The leader of the Institute of Financial Strategy and Policy also pointed out that the financial potential of the State has been enhanced, the size of the state budget has been expanded.

The State budget mobilization policy has been reviewed, amended and supplemented to ensure consistency, effectiveness and efficiency. As a result, the scale of state budget revenue in the 2011-2020 period is 3.8 times higher than in the 2001-2010 period.

The average mobilization rate into the state budget in the 2011 - 2020 period reached about 24.5% of GDP, exceeding the target set out in Resolution No. 07-NQ/TW (20-21% of GDP) and Resolution No. 25/2016/ QH14 (23.5% of GDP).

The rate of mobilization from taxes and fees in the 2011 - 2015 period reached about 20.7% of GDP; in the 2016-2020 period, it reached approximately 21% of GDP, achieving the set target of the strategy (21% of GDP).

“The state budget revenue structure is more sustainable, ensuring the right orientation. The tax reform strategy is to gradually increase the proportion of domestic revenue to offset the reduction in export and import taxes due to deeper international integration and fluctuations in world oil prices; in line with the goal of arranging and equitizing state-owned enterprises, increasing attraction of domestic and foreign resources for development investment,” said Nguyen Nhu Quynh.

Fiscal policy will be closely linked to socio-economic development

In the 2021 - 2030 period, many say that the economic and political situation in the world and the region will be complicated and unpredictable.
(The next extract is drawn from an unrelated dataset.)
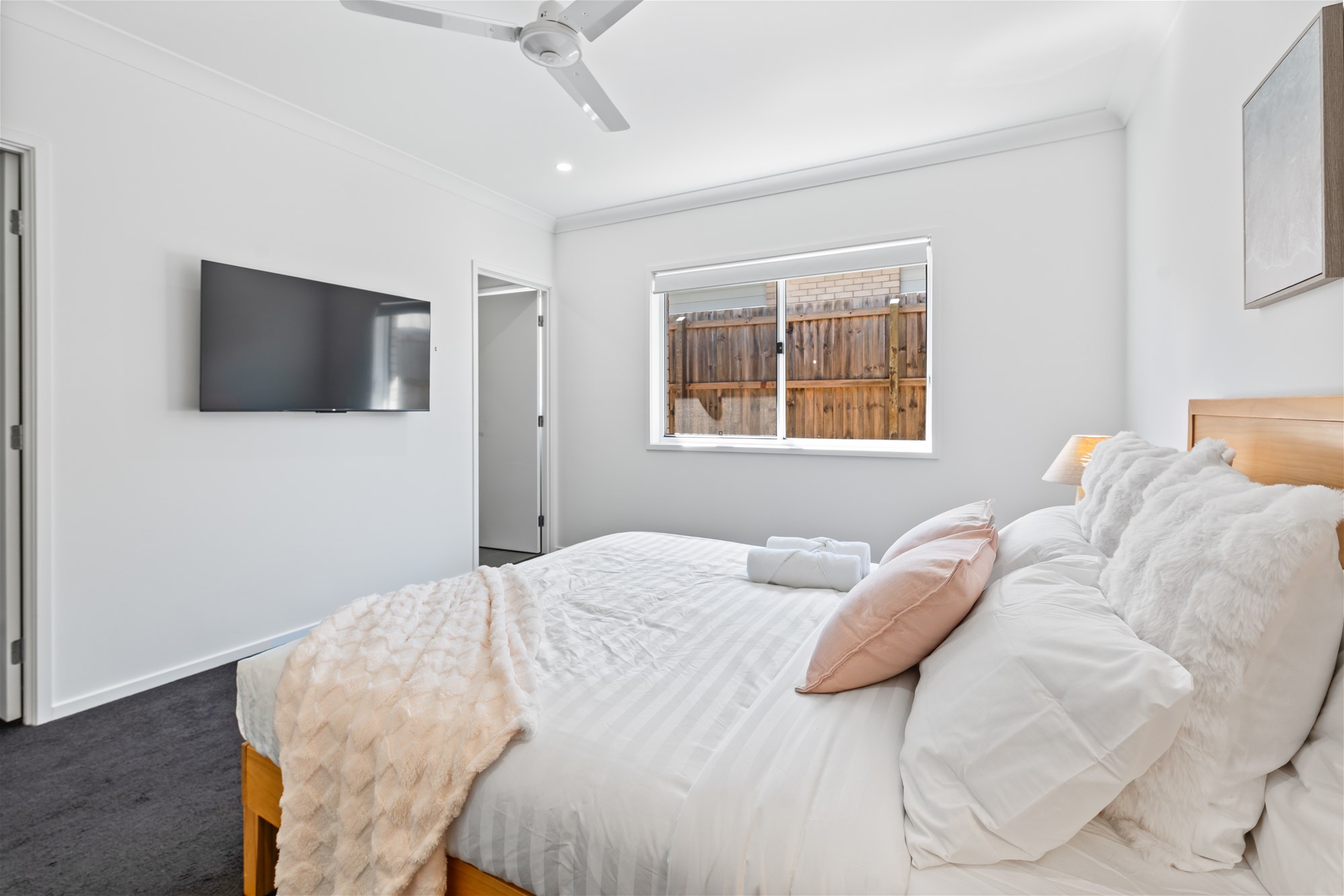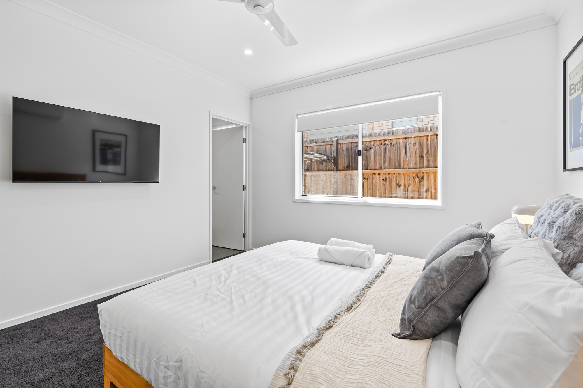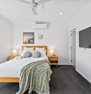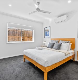 The modern and well-equipped kitchen is a chef’s delight with its granite countertops, ample storage space, and top-of-the-line appliances. The master bedroom features a sleek ensuite, providing you with your own private oasis. All bedrooms in this house come with built-in wardrobes, providing plenty of storage space.

In particular, the Covid-19 pandemic still has complicated and unpredictable developments, may last for many years, and will continue to affect the global economy, changing the structure, economic order and social organization of many countries.

In that context, the Socio-Economic Development Strategy for the 2021 - 2030 period sets a goal that by 2030, our country will become a modern industrialized country, belonging to the upper group of high-middle-income countries. Therefore, in this period, the national financial policy must play a pioneering role in mobilizing, liberating, allocating and effectively using domestic and foreign resources, associated with innovating the growth model in depth, improving the quality of growth on the basis of human resource development.

Nguyen Nhu Quynh said that the viewpoint of the Financial Strategy for the 2021 - 2030 period will be reform and improvement of the quality of financial institutions in the direction of synchronization, transparency and integration are prerequisites to promote the healthy development of national finance.

At the same time, restructuring the state budget and public debt management must be included in the overall economic restructuring, ensuring the leading role of the central budget and the initiative of the local budget.

During this period, financial management will be required by law, strengthening financial discipline; improving the quality of inspection, examination, prevention and fight against corruption and waste; promoting the application of information technology and digital financial platform, continuing to modernize the financial industry.

The financial strategy for the 2021 - 2030 period aims to build sustainable, modern and integrated national finance to promote growth, strengthen the economy's resilience, and ensure macroeconomic stability and national financial security.

At the same time, it is necessary to implement a reasonable incentive policy, improve the fiscal policy space, create favorable conditions for mobilizing, allocating and effectively using financial resources, harmoniously deal with economic, social and environmental development issues, ensure security, national defense and social security in association with the goals and tasks of the Socio-Economic Development Strategy 2011-2020, said Nguyen Nhu Quynh.